Amerykańskie naciski okazały się jednak zbyt silne. Na mocy Porozumień Plaza z 1985 r. i Porozumień Paryskich z 1987 r. Japonia zgodziła się na aprecjację jena (o ponad 50 proc. w latach 1985-1990) a także na ostrą deregulację swojego systemu finansowego. Deregulacja początkowo przyniosła spekulacyjny boom - ziemia pod ambasadą brytyjską w Tokio była warta więcej niż wszystkie nieruchomości w Walii. W 1989 r. doszło jednak do bankowego krachu.

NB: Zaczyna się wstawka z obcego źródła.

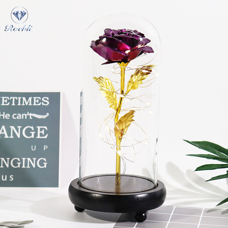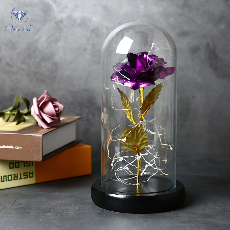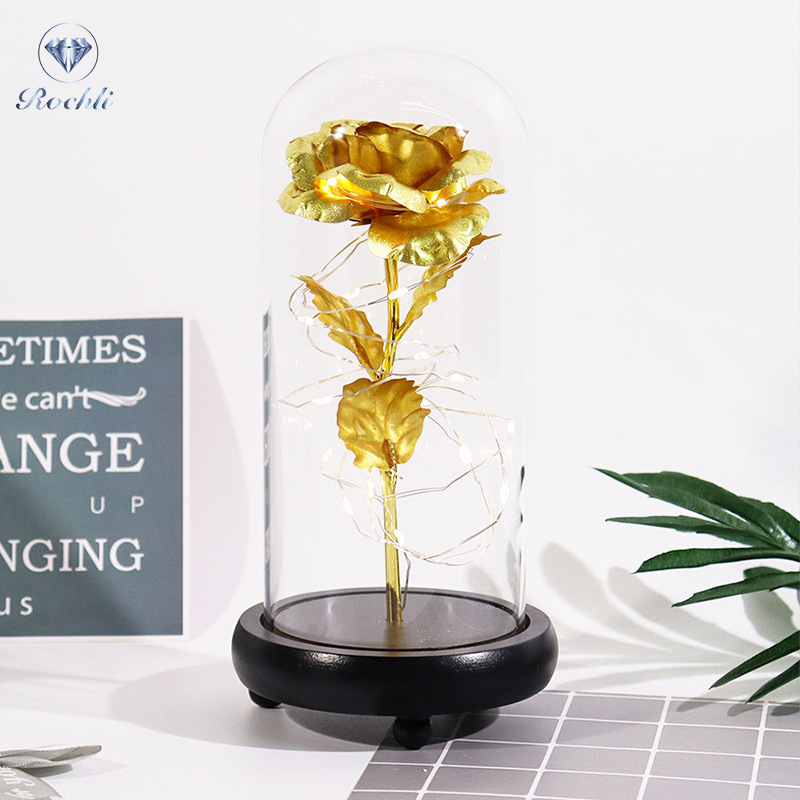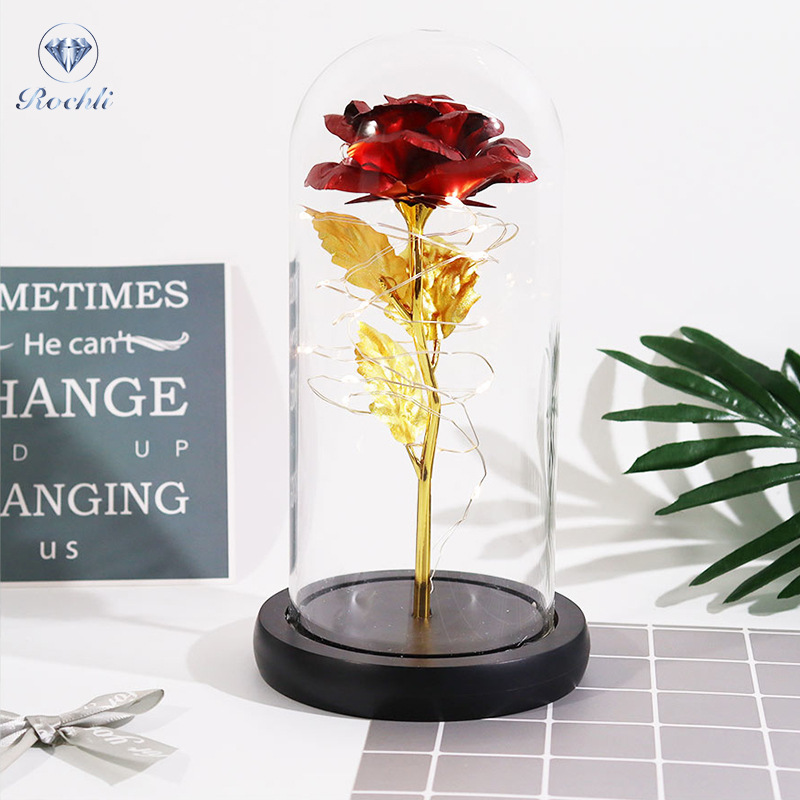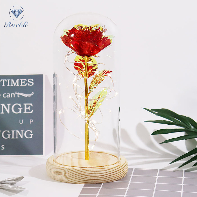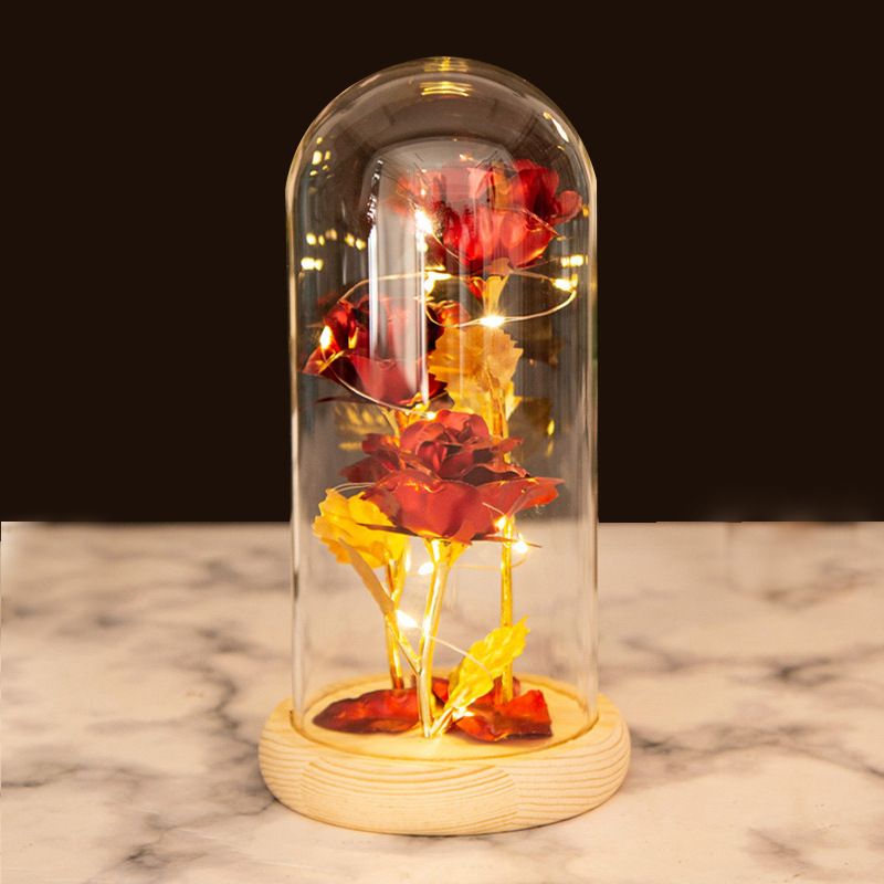 rose red gold foil flowerplus black plastic bottom + warm white light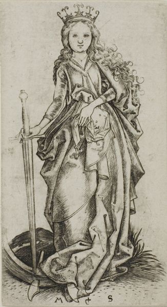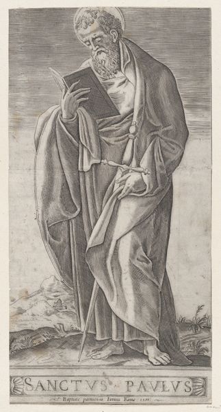Curator: This is "Johannes de Evangelist," a print by Israhel van Meckenem, created sometime between 1455 and 1503. It’s currently held in the Rijksmuseum. Editor: Immediately, the intricacy strikes me. The delicacy of the lines gives a quiet, contemplative feel. And that lamb! So meticulously rendered. Curator: Absolutely. As an engraving, it's fascinating to consider its production and reception during the Northern Renaissance. Prints democratized imagery, allowing broader audiences access to religious iconography and artistic styles. Van Meckenem, a prolific printmaker, played a significant role in that dissemination. Editor: Indeed. And consider the symbolic weight carried by John the Evangelist. Here, he's depicted with the Lamb of God – a potent symbol of Christ's sacrifice. The inscription on the banner echoes this, likely a variation of "Agnus Dei, qui tollis peccata mundi" – Lamb of God, who takes away the sins of the world. It's all so visually interconnected. Curator: What interests me, too, is how these images were circulated and understood within the social and religious contexts of the time. Did people readily grasp the theological nuances, or did the visual power of the image resonate on a more emotional level? Was it a personal devotional aid or displayed more publicly? These are the questions that come up. Editor: It likely functioned on multiple levels, simultaneously reinforcing religious doctrine and inspiring personal devotion. Notice how John’s hand gestures towards his heart. It's as if he's inviting the viewer to internalize the meaning of the lamb's sacrifice. Curator: It highlights how art in this period was far from passive. These were active tools. Engravings were used in everything from personal devotion to shaping civic identity. Editor: Exactly. Seeing those symbolic cues overlaid through careful drawing and rendering creates a unique and emotionally stirring visualization of Christian narrative, which is perhaps more broadly affecting to wider audiences. It reminds us that certain symbols stay relevant, yet take on fresh dimensions with each new rendition across the ages. Curator: Looking at this through both lenses reveals how artworks function not only as aesthetic objects, but as critical conduits of meaning.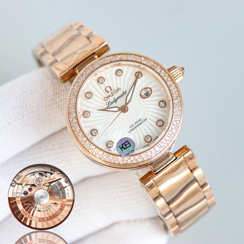 白钢1300 金1350(带钻加50) 精品 V4版 欧米茄 碟飞LADYMATIC鸟巢系列女士机械腕表,妮可基德曼代言 搭载Cal.8520/8521同轴自动机械机芯 前后蓝宝石镜面,彩色珍珠贝母表盘,原版1:1开模 ,市场唯一一家跟足原装结构散件拼装,尺寸34mm*12mm,请认准细节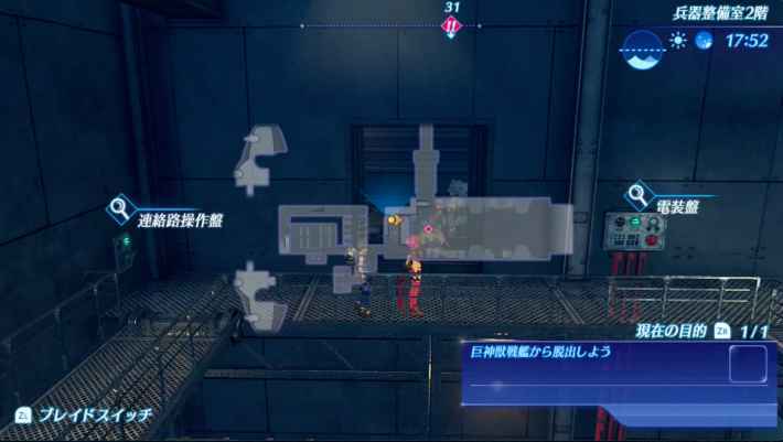▲ 오른쪽 전장판을 조사하면 격납고에 들어갈 수 있다. 또한, 왼쪽의 연락로 조작반을 조사하면, 아래로 내리는 통로를 할 수 있다.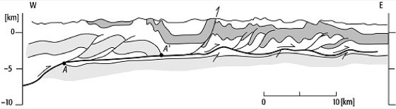 blinde Scherbahn: Der Versatz A-A' einer großen Überschiebung wird weiter östlich von kleineren Überschiebungen und Falten aufgenommen; die Überschiebung ist "blind". blinde Scherbahn: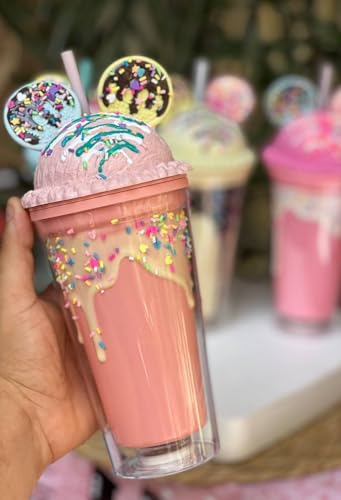 - تصميم فاخر: كوب أكريليك أنيق يتميز بغطاء مخروط الآيس كريم المزخرف مع رشات ملونة وتفاصيل سفلية لامعة للحصول على مظهر ممتع ولافت للنظر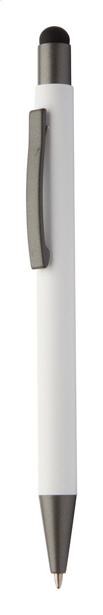 Penna a sfera in alluminio con gommino capacitivo e refill blu.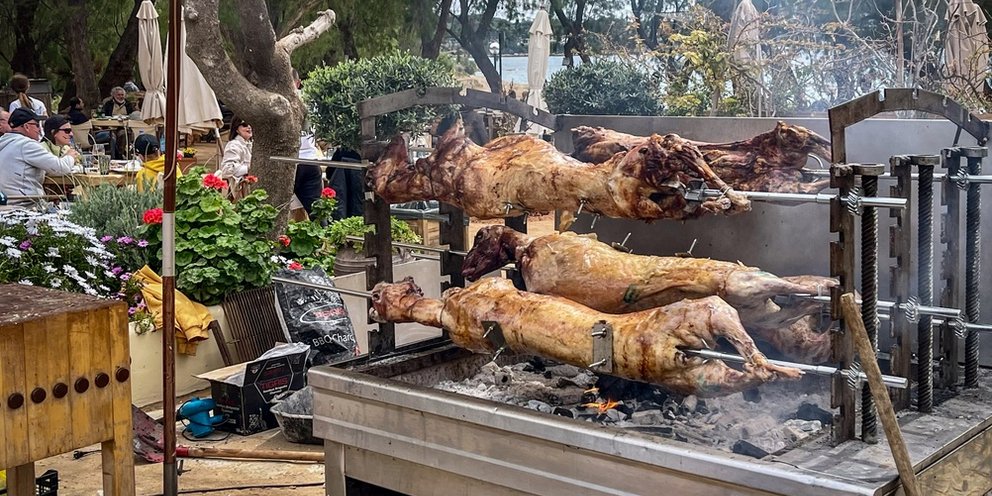 Κάθε σούβλα έχει τρεις πιρούνες-δαγκάνες μία στο κάτω μέρος, μία στη μέση και μία ψηλά. Ξεκινάμε από κάτω και περνάμε τη σούβλα παράλληλα. Ο σκοπός είναι η κάτω πιρούνα να φτάσει στη βάση των πίσω ποδιών (περνάμε το ένα πόδι μέσα στον άλλο). Όταν οι άκρες της πιρούνας είναι εκεί που τα μπούτια συνδέονται με τον κορμό τη βιδώνουμε πολύ σφιχτά ώστε να μην κουνιέται καθόλου (ούτε η σούβλα, ούτε το κρέας). Συνεχίζουμε το παράλληλο πέρασμα της σούβλας (ουρά, κοιλιά κλπ.) με οδηγό τη σπονδυλική στήλη και τη βγάζουμε από τον λαιμό. Γυρνάμε το κεφάλι κάθετα στην άκρη της σούβλας και το πιέζουμε με πολύ δύναμη ώστε να το τρυπήσουμε και να βγει από την άλλη μεριά. Σε αυτή τη φάση βιδώνουμε και την πιρούνα που είναι στη μέση της σπονδυλικής στήλης (για να μη σπάσει το κρέας από το βάρος στο ψήσιμο) και επαναλαμβάνουμε τη διαδικασία με την τρίτη πιρούνα που είναι πιο πάνω, στην πλάτη του αρνιού. Τέλος, τυλίγουμε και σφίγγουμε καλά με σύρμα τους αστραγάλους του αρνιού και τον λαιμό του.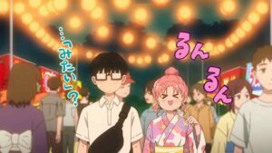 The relationship part is all about that execution of familiar tropes thing. I don’t think we’ve ever had a summer festival in Bokuyaba (even it did fireworks) but that just highlights the difference in approach – a series like this one not checking boxes of this familiarity seems almost unthinkable. Miyu agonizes over all the usual stuff, starting with whether to go to the packed fireworks festival or the much calmer local festival – and wisely chooses the latter. Then whether she should wear a yukata, and how she’ll look in it. When Yuusuke tells her “beautiful” that’s a knockout blow – she’s still at that age where the best she can usually hope for is “cute”.
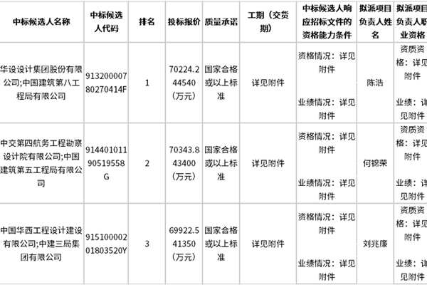 5月27日,阳江市区污水处理及排水排污管网改造项目工程总承包(EPC)第一标段中标候选人公示。名单如下: 第一中标候选人:华设设计集团股份有限公司、中国建筑第八工程局有限公司联合体,投标报价:70224.244540(万元); 第二中标候选人:中交第四航务工程勘察设计院有限公司、中国建筑第五工程局有限公司,投标报价:70343.8...

Sektor na wiele lat stracił zdolność do wspierania gospodarki, gospodarstwa domowe ograniczyły konsumpcję a rząd zmuszony był sięgnąć po fiskalną stymulację, która jednak doprowadziła jedynie do skokowego wzrostu długu publicznego. Kraj wszedł w Stracone Dwie Dekady. Jeden z silników światowego wzrostu gospodarczego się zatarł. A mimo to Amerykanie kontynuowali presję. Administracja Clintona wdała się w spór handlowy z Japonią a jen mocno zyskiwał na wartości w latach 1993-1996. Japońskiej gospodarce zadano silny cios akurat w momencie, gdy zaczęła się podnosić po krachu. Konflikt handlowy wygaszono w 1996 r., gdy Chiny zaczęły grozić rakietami Tajwanowi. Waszyngton zreflektował się wówczas, że nadmierne przeczołganie Japonii może być szkodliwe dla jego interesów.
Japońskie doświadczenia w budowie potęgi gospodarczej zostały uważnie przestudiowane przez Deng Xiaopinga i chińskie kierownictwo partyjno-państwowe. (To jak wdrażano w Chinach te doświadczenia omawia znakomita książka Antoine'a Bruneta i Jean-Paula Guicharda "Chiny światowym hegemonem? Imperializm ekonomiczny Państwa Środka".) Policyjny system kontroli migracji wewnętrznych i polityka jednego dziecka pozwoliły im zbić i tak niskie koszty pracy, co przyciągnęło zagraniczne inwestycje. Koszty te zostały dodatkowo mocno obniżone dzięki walutowemu protekcjonizmowi - zaniżaniu kursu juana. Chińska waluta została mocno zdewaluowana pod koniec lat '80-tych i na początku lat '90-tych. Śmiesznie niski kurs z 1994 r. utrzymywano aż do 2005 r., mimo że ChRL doznała wtedy bezprecedensowego rozwoju gospodarczego. USA nie protestowały przeciwko tak oczywistemu protekcjonizmowi, choć jednocześnie naciskały we wszelki możliwy sposób na to, by Japonia przestała bronić kursu jena przed umocnieniem. To USA - a konkretnie administracje Busha Sr. i Clintona zbudowały potęgę gospodarczą Chin.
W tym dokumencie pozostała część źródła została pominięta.